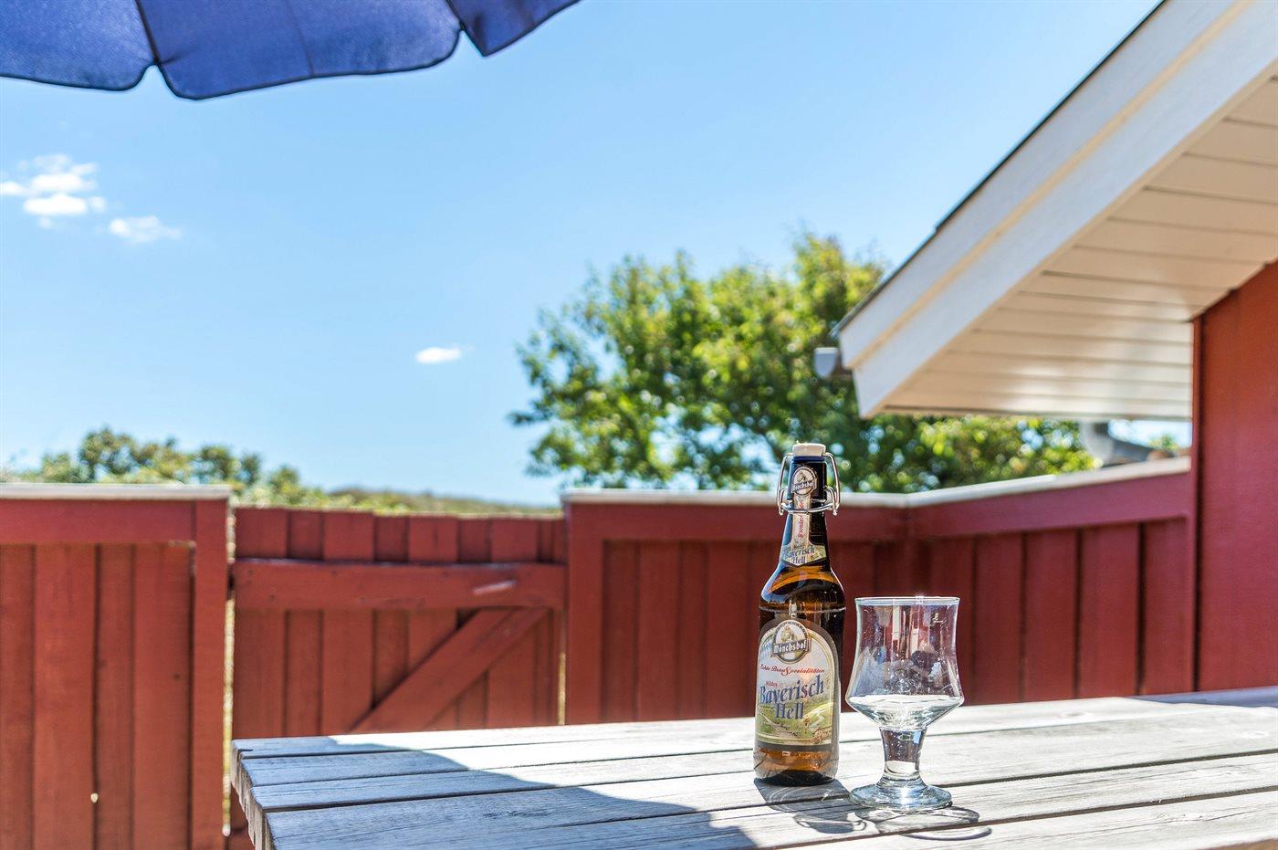 Hyggeligt sommerhus i Henne med sauna, brændeovn og stor terrasse nær stranden.
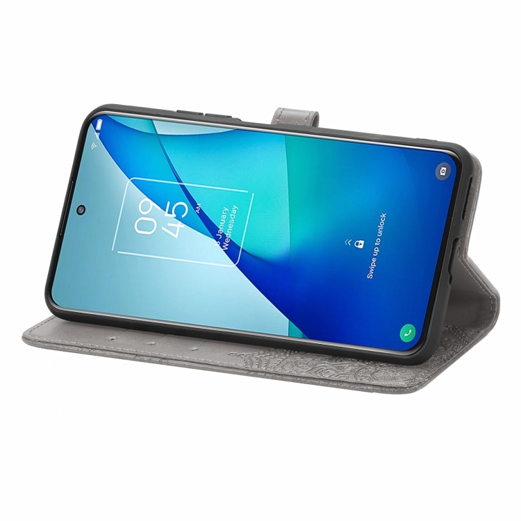 Funda de Cuero Horizontal Flip para TCL 20S Mandala Flower con Soporte, Ranura para Tarjeta, Billetera y Cordón (Gris)
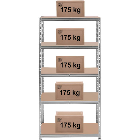 5 õmblusteta riiulid reguleeritava kõrgusega See võimaldab teil paigutada erinevaid asju. Igal riiulil on kandevõime 175 kg. Postitused toimus tsingitud terasest, on rooste vastupidavad ja vajavad vähe hooldust.
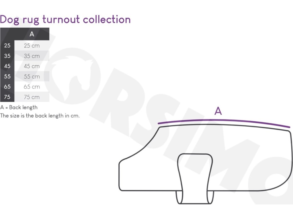 Aby znaleźć odpowiedni rozmiar, zmierz całkowitą długość grzbietu od kłębu do nasady ogona. Jeśli zmierzona długość wypada pomiędzy dwoma rozmiarami, zamów rozmiar większy. Podany rozmiar odnosi się do górnej (tylnej) długości derki.
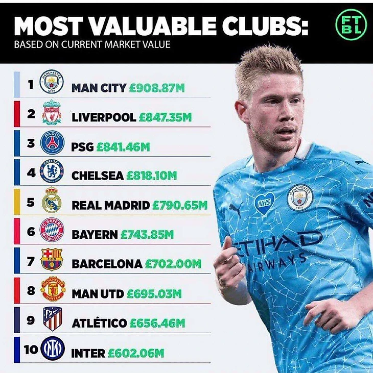 Цена, указанная в рейтинге, это стоимость состава с учетом рыночной стоимости игроков на Transfermarkt. Полностью рейтинг выглядит следующим образом.
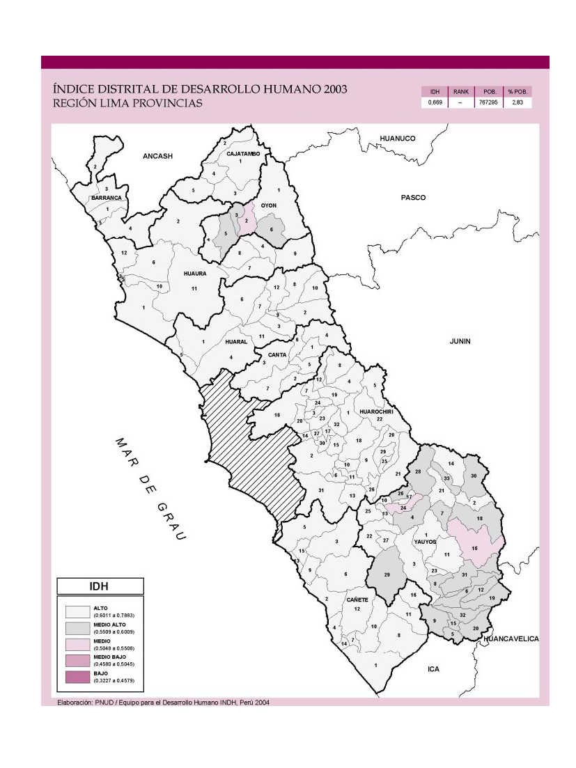 Índice de Desarrollo Humano Distrital 2003 - Región Lima Provincias.
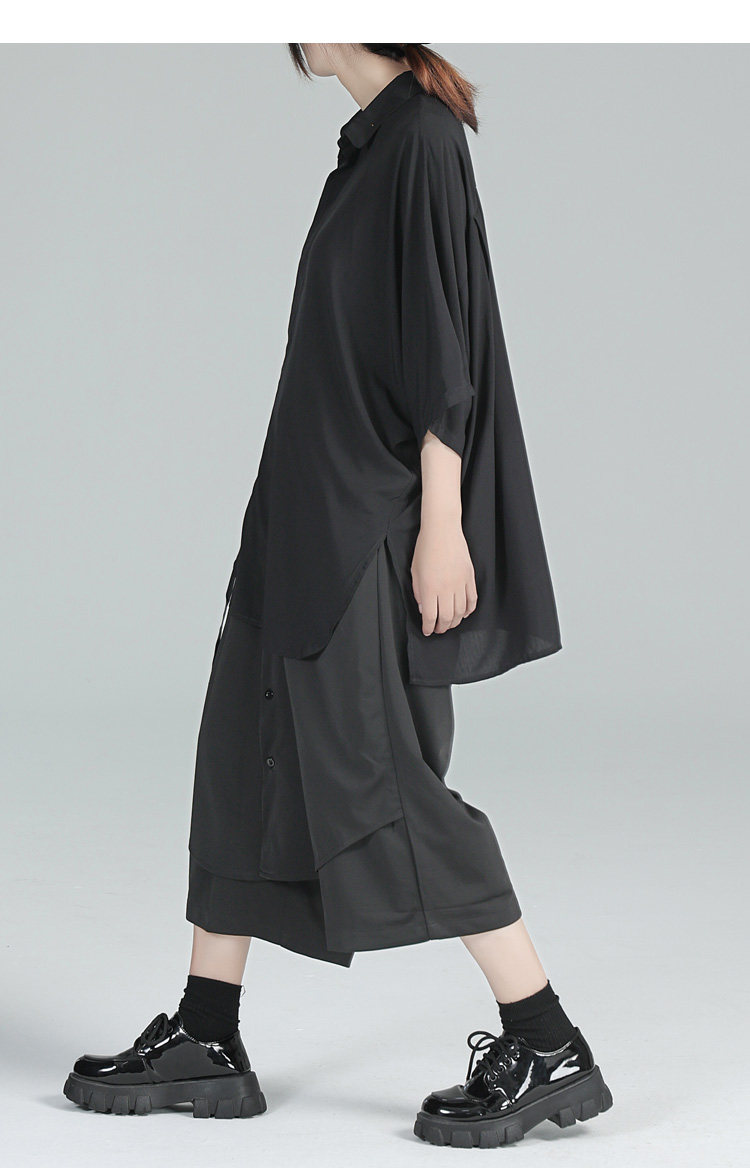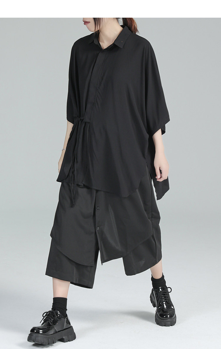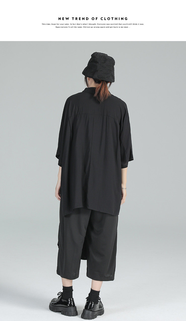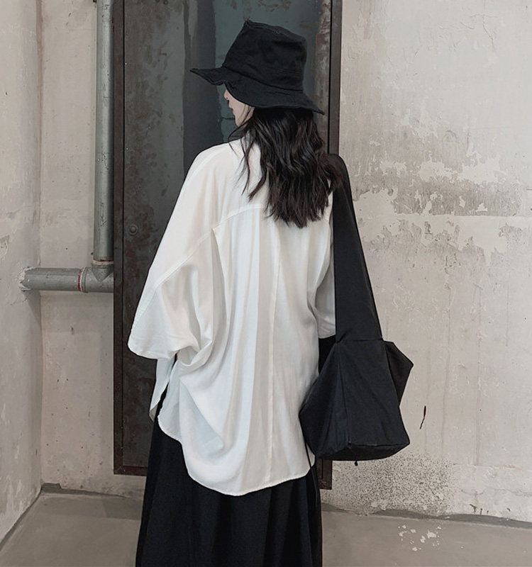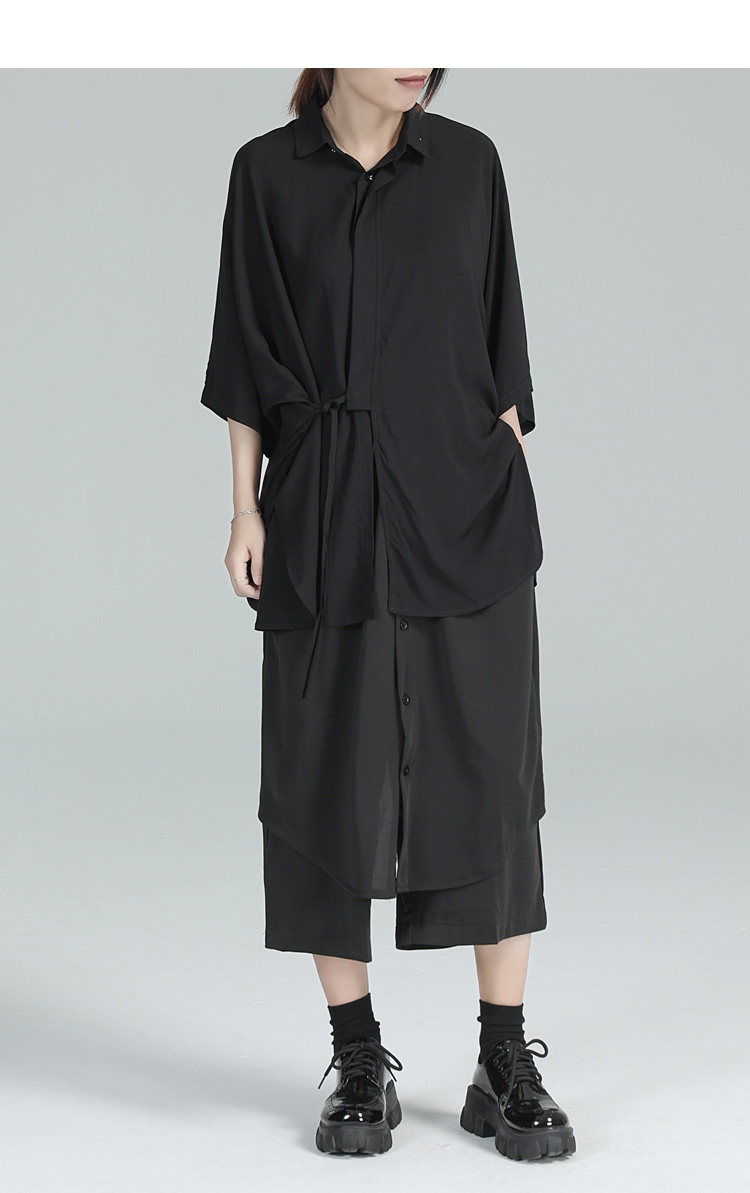 Дизайнерская летняя черная тонкая рубашка, тренд сезона, свободный крой
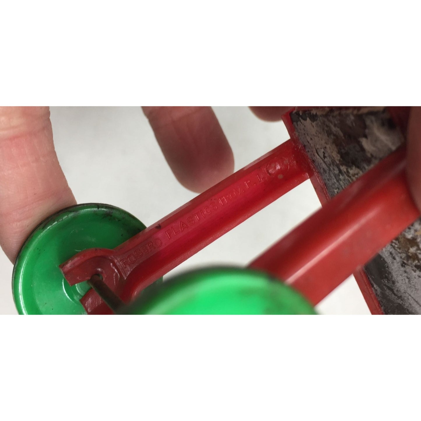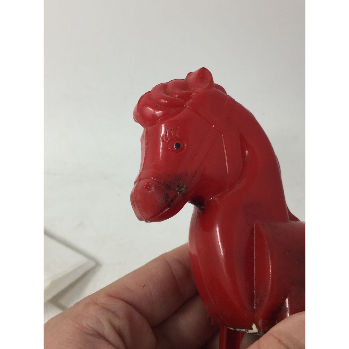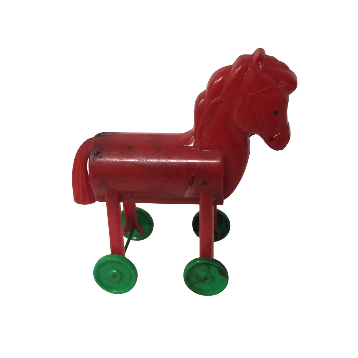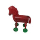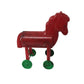 Rosbro Plastics Prov. R. I. Vintage Collectible Plastic Red Christmas Trojan Horse on Green Wheels with Silver Metal Base
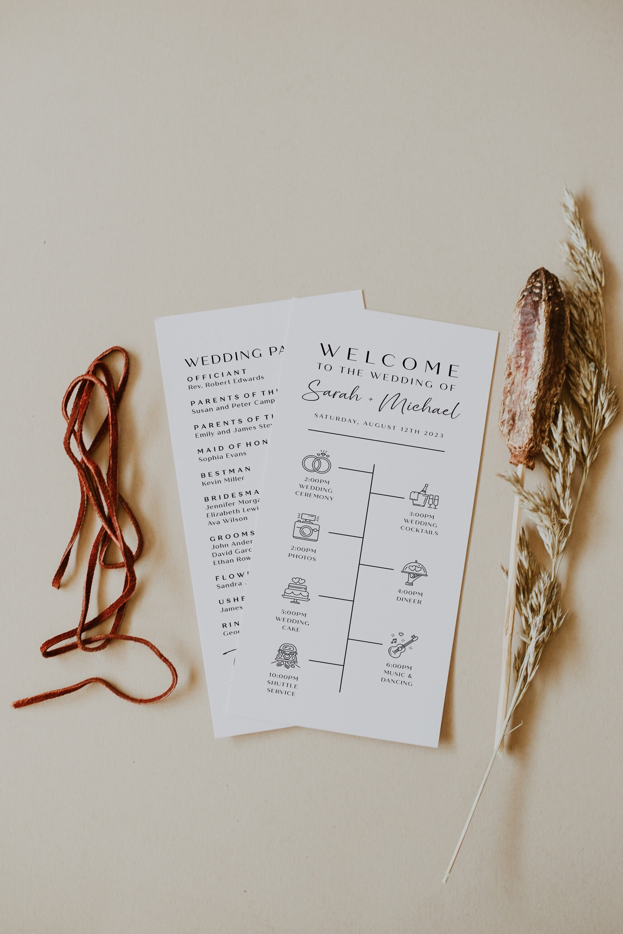 CHIARA Modèle de programme de mariage moderne, programme de mariage infographique modifiable, programme de mariage minimaliste, programme de mariage imprimable, - Etsy France
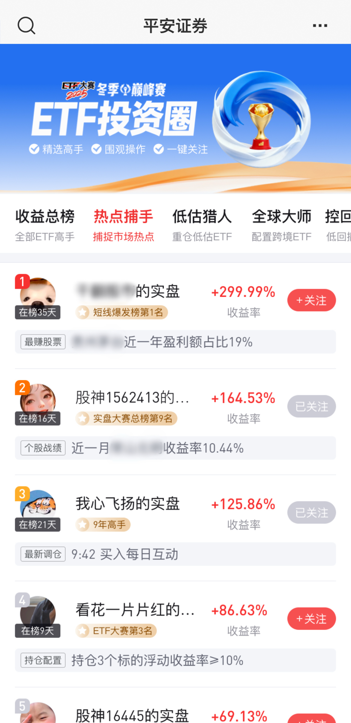 本次賽事以“找高手,加圈子”為主題,突破傳統(tǒng)投資競(jìng)賽模式,在平安證券APP上線全新的“ETF投資圈”頁(yè)面,并依據(jù)策略類型劃分出四大核心圈層——“低估獵手圈”“控回撤高手圈”“全球大師圈”及“熱點(diǎn)捕手圈”。不同風(fēng)險(xiǎn)偏好與投資習(xí)慣的投資者可進(jìn)入相應(yīng)圈子,跟蹤學(xué)習(xí)高手的持倉(cāng)動(dòng)態(tài)與策略邏輯,在互動(dòng)中提升投資認(rèn)知、增強(qiáng)持有信心。
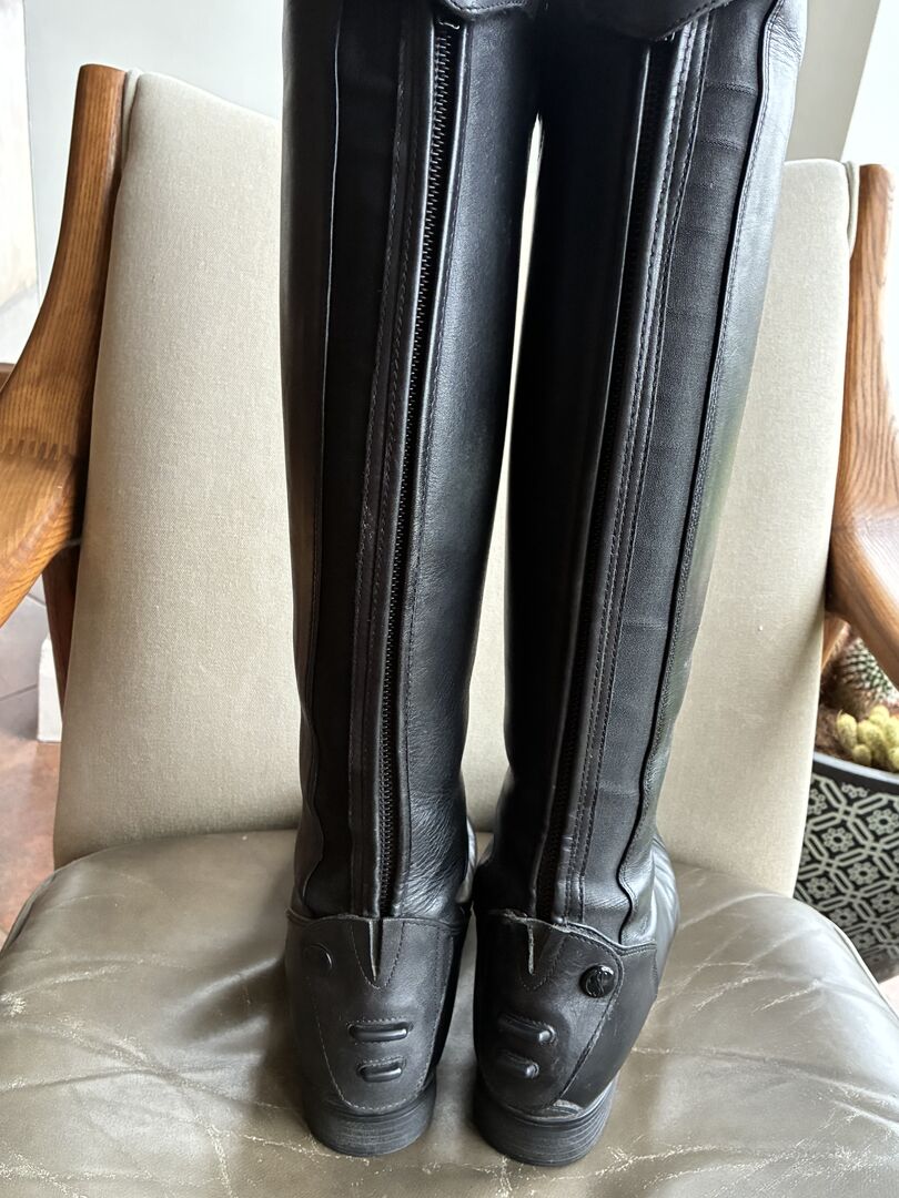 Tredstep boots are known for quality and durability. This pair is less than a year old and has rarely been used. (I gave up show Jumping due to back issues). The Sirani model is made of premium leather and very comfortable. They are size EU 39 / UK size 6. regular height and regular calf width. The come with inner supports and a spare pair of laces.
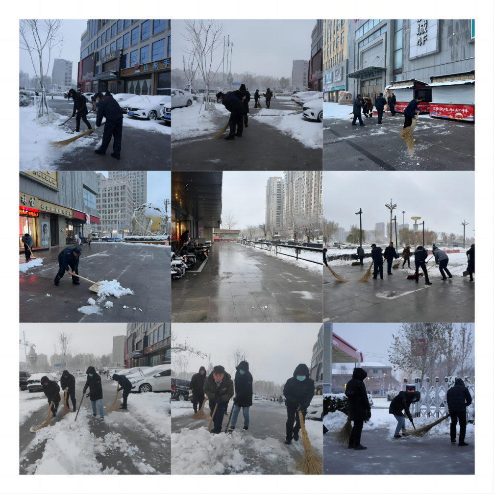 12月14日,寒潮來襲,風(fēng)雪齊至,給城市增添美景的同時(shí),也給市民的出行和道路安全帶來一定的困擾和影響。為維護(hù)良好城市環(huán)境秩序、保障道路交通暢通和市民出行安全,長田實(shí)業(yè)各部門迅速響應(yīng),以雪為令,聞雪而動(dòng),積極開展掃雪除冰行動(dòng)。
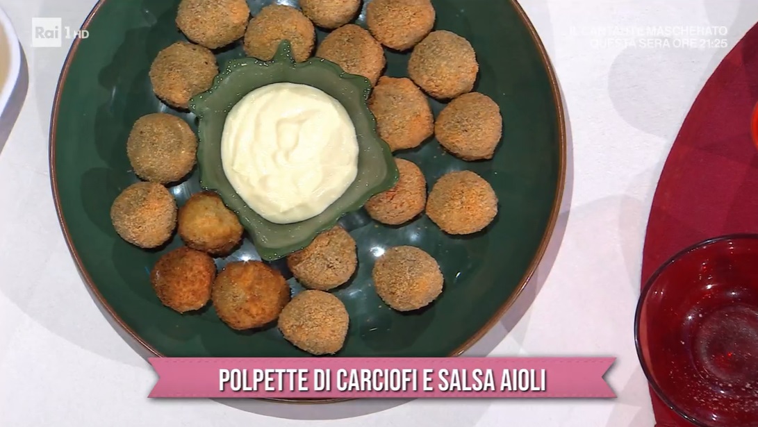 Per le polpette, puliamo i carciofi, li tagliamo a fettine e li spadelliamo con olio ed aglio. Una volta cotti, li tritiamo al coltello.
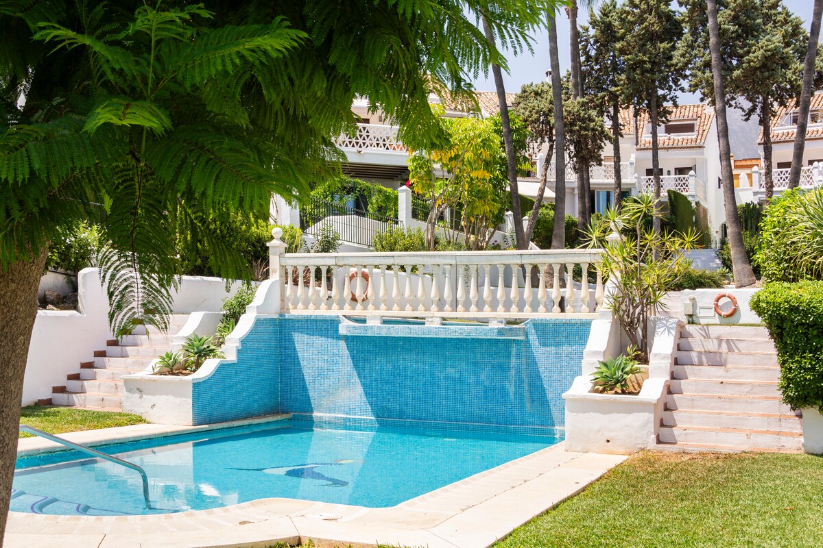 Rúmgóð og friðsæl íbúð á jarðhæð á frábærum stað við ströndina í San Pedro de Alcantara. Aðeins í 5 mínútna göngufjarlægð frá gylltum ströndum og breiðri gönguleið þar sem þú getur notið afslappandi gönguferða í átt að Puerto Banus. Tvö svefnherbergi og stór hornverönd með beinu aðgengi að sameiginlegum görðum og rólegu sundlaugarsvæði. Öll þægindi, stórmarkaður, magnaðir veitingastaðir, íþróttamiðstöð og bær San Pedro með nýja Boulevard í innan við 5-15 mínútna göngufjarlægð. Puerto Banus -3kms.
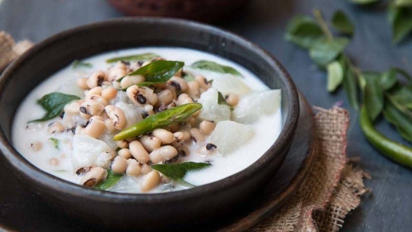 This is a delicious stew made with ash gourd (white pumpkin), cowpeas, coconut milk, coconut oil, and fresh curry leaves. It goes best with pumpkin and black-eyed beans with steamed rice, or potato roast for a wholesome lunch or dinner.
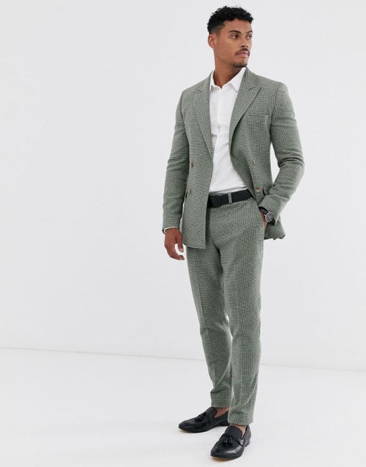 ASOS DESIGN – Superenger, zweireihiger Anzug aus grüner Wollmischung mit kleinem Karomuster

# # # # #

Retype every entry word for word, but do not carry over the pictures.

• _ANSWER FOR THIS EXERCISE_:
 Hyggeligt sommerhus i Henne med sauna, brændeovn og stor terrasse nær stranden.
 Funda de Cuero Horizontal Flip para TCL 20S Mandala Flower con Soporte, Ranura para Tarjeta, Billetera y Cordón (Gris)
 5 õmblusteta riiulid reguleeritava kõrgusega See võimaldab teil paigutada erinevaid asju. Igal riiulil on kandevõime 175 kg. Postitused toimus tsingitud terasest, on rooste vastupidavad ja vajavad vähe hooldust.
 Aby znaleźć odpowiedni rozmiar, zmierz całkowitą długość grzbietu od kłębu do nasady ogona. Jeśli zmierzona długość wypada pomiędzy dwoma rozmiarami, zamów rozmiar większy. Podany rozmiar odnosi się do górnej (tylnej) długości derki.
 Цена, указанная в рейтинге, это стоимость состава с учетом рыночной стоимости игроков на Transfermarkt. Полностью рейтинг выглядит следующим образом.
 Índice de Desarrollo Humano Distrital 2003 - Región Lima Provincias.
 Дизайнерская летняя черная тонкая рубашка, тренд сезона, свободный крой
 Rosbro Plastics Prov. R. I. Vintage Collectible Plastic Red Christmas Trojan Horse on Green Wheels with Silver Metal Base
 CHIARA Modèle de programme de mariage moderne, programme de mariage infographique modifiable, programme de mariage minimaliste, programme de mariage imprimable, - Etsy France
 本次賽事以“找高手,加圈子”為主題,突破傳統(tǒng)投資競(jìng)賽模式,在平安證券APP上線全新的“ETF投資圈”頁(yè)面,并依據(jù)策略類型劃分出四大核心圈層——“低估獵手圈”“控回撤高手圈”“全球大師圈”及“熱點(diǎn)捕手圈”。不同風(fēng)險(xiǎn)偏好與投資習(xí)慣的投資者可進(jìn)入相應(yīng)圈子,跟蹤學(xué)習(xí)高手的持倉(cāng)動(dòng)態(tài)與策略邏輯,在互動(dòng)中提升投資認(rèn)知、增強(qiáng)持有信心。
 Tredstep boots are known for quality and durability. This pair is less than a year old and has rarely been used. (I gave up show Jumping due to back issues). The Sirani model is made of premium leather and very comfortable. They are size EU 39 / UK size 6. regular height and regular calf width. The come with inner supports and a spare pair of laces.
 12月14日,寒潮來襲,風(fēng)雪齊至,給城市增添美景的同時(shí),也給市民的出行和道路安全帶來一定的困擾和影響。為維護(hù)良好城市環(huán)境秩序、保障道路交通暢通和市民出行安全,長田實(shí)業(yè)各部門迅速響應(yīng),以雪為令,聞雪而動(dòng),積極開展掃雪除冰行動(dòng)。
 Per le polpette, puliamo i carciofi, li tagliamo a fettine e li spadelliamo con olio ed aglio. Una volta cotti, li tritiamo al coltello.
 Rúmgóð og friðsæl íbúð á jarðhæð á frábærum stað við ströndina í San Pedro de Alcantara. Aðeins í 5 mínútna göngufjarlægð frá gylltum ströndum og breiðri gönguleið þar sem þú getur notið afslappandi gönguferða í átt að Puerto Banus. Tvö svefnherbergi og stór hornverönd með beinu aðgengi að sameiginlegum görðum og rólegu sundlaugarsvæði. Öll þægindi, stórmarkaður, magnaðir veitingastaðir, íþróttamiðstöð og bær San Pedro með nýja Boulevard í innan við 5-15 mínútna göngufjarlægð. Puerto Banus -3kms.
 This is a delicious stew made with ash gourd (white pumpkin), cowpeas, coconut milk, coconut oil, and fresh curry leaves. It goes best with pumpkin and black-eyed beans with steamed rice, or potato roast for a wholesome lunch or dinner.
 ASOS DESIGN – Superenger, zweireihiger Anzug aus grüner Wollmischung mit kleinem Karomuster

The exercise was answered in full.